Yönetmeliğe göre (m.5), işveren, belirli süreli işlerde veya geçici süreli iş ilişkilerinde, özellikle kişisel koruyucu donanımlara erişim dâhil olmak üzere işyerinde çalışanların sağlık ve güvenliklerinin korunmasını içeren çalışma koşulları bakımından farklı uygulamalarda bulunamayacak.

Yönetmeliğe göre, (m.6), işveren, belirli süreli işlerde veya geçici süreli iş ilişkilerinde 6331 sayılı Kanunun 16 ncı maddesinde belirtilen bilgilendirme yükümlülüğü saklı kalmak kaydı ile çalışanlara işe başlamadan önce yapacakları işin ne olduğu ve bu işte karşılaşacakları riskler hakkında gerekli bilgilerin verilmesini sağlayacak. Yine, özellikle yapılacak işin gerektirdiği mesleki bilgi, yetenek, tecrübe ve gerekli sağlık gözetiminin neler olduğu konusunda bilgi verilmesini sağlayacak. Ayrıca iş nedeniyle ortaya çıkabilecek ilave özel riskler açıkça belirtilecek.

Yönetmeliğe göre 6331 sayılı Kanunun 17 nci maddesi hükmü ile birlikte işveren, belirli süreli veya geçici süreli iş sözleşmeleri ile istihdam edeceği çalışanların bilgi ve tecrübelerini de dikkate alarak, yapacakları işin niteliğine uygun yeterli eğitim almalarını sağlamak durumunda (m.7).

İşveren, sağlık ve güvenlik yönünden özel sağlık gözetimi gerektiren işlerde; işveren, belirli süreli veya geçici süreli iş sözleşmeleri ile istihdam edeceği çalışanların, işin gerektirdiği özel sağlık gözetimine tabi tutulmalarını sağlayacak ve söz konusu özel sağlık gözetimi, işten kaynaklanan gereklilik devam ettiği sürece, çalışanın sözleşme süresinin sona ermesinden sonra da sürdürülecek.

6331 sayılı Kanunun 6 ncı maddesine göre işyerinde iş sağlığı ve güvenliği hizmetlerinin yerine getirilmesi için görevlendirilen kişiler; belirli süreli veya geçici süreli iş sözleşmeleri ile istihdam edilecek çalışanlarla ilgili olarak geçici iş ilişkisi kurulan veya belirli süreli işi üstlenen işveren tarafından bilgilendirilmek durumunda. Söz konusu çalışanların da diğer çalışanlarla birlikte sağlık ve güvenliklerinin sağlanması için gerekli çalışmalar yapılacak (m.9).

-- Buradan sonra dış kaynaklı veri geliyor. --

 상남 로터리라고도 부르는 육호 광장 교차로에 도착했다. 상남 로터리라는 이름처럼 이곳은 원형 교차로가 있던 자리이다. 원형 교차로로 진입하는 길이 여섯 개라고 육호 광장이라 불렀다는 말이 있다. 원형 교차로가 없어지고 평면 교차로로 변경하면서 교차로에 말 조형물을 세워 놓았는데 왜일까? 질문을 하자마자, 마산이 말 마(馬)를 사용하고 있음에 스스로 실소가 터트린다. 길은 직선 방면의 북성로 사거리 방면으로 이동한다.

Yönetmeliğe göre, geçici iş ilişkisi ile çalıştırılacaklarla ilgili olarak geçici iş ilişkisi kurulacak işveren diğer işverene, 6331 sayılı Kanunun 16 ncı maddesinin birinci fıkrasında belirtilen hususlar ile yapılacak işin gerektirdiği mesleki bilgi, yetenek ve işin özellikleri hakkında gerekli bilgiyi vermek durumunda. Bu bilgilerin sözleşmede yer almasını sağlayacak (m.10). Çalışanlarını geçici olarak devredecek işveren de aldığı bu bilgileri geçici iş ilişkisi ile çalıştırılacak çalışanlara verecek (m.10-2).

Yönetmeliğe göre, çalışanlarını geçici olarak devreden işveren ile birlikte geçici iş ilişkisi kurulan işveren, yapılan iş süresince işin yapılması ile ilgili koşullardan sorumlu olacaklar (m.11).

12 Ocak 2014 Pazar

YARGITAYA GÖRE, GECE 7,5 SAATİ AŞAN ÇALIŞMALAR "FAZLA ÇALIŞMA" OLARAK NİTELENDİRİLMELİDİR.

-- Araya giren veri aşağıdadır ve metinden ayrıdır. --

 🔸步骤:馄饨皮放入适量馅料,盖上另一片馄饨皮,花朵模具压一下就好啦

T.C. YARGITAY 7.Hukuk Dairesi, 01.07.2013, Esas:  2013/3898 Karar: 2013/12354

Gece çalışma süresi sebebiyle fazla mesai ödenip ödenmeyeceği konularında taraflar arasında uyuşmazlık bulunmaktadır. İşçilerin gece çalışmaları günde yedibuçuk saati geçemez (İş Kanunu, Md. 69/3). Bu durum günlük çalışmanın, dolayısıyla fazla çalışmanın sınırını oluşturur. Gece çalışmaları yönünden, haftalık kırkbeş saat olan yasal çalışma sınırı aşılmamış olsa da günde yedi buçuk saati aşan çalışmalar için fazla çalışma ücreti ödenmelidir. Dairemizin kararları da bu yöndedir. Yukarıda belirtilen ilke ve Postalar Halinde İşçi Çalıştırılarak Yürütülen İşlerde Çalışmalara İlişkin Özel Usul ve Esaslar Hakkındaki Yönetmelik ile ve İş Kanununa İlişkin Fazla Çalışma ve Fazla Sürelerle Çalışma Yönetmeliği Hükümleri ışığında günlük 7.5 saati aşan gece çalışmalarının fazla çalışma olarak kabulü ile hesap yapılması gerekirken mahkemece hatalı değerlendirme ile fazla mesai ücreti alacağı talebinin reddi isabetsiz olup bozma nedenidir.

7 Ocak 2014 Salı

Yargıtay: Rekabet Yasağı Davalarında Görevli Ticaret Mahkemeleridir!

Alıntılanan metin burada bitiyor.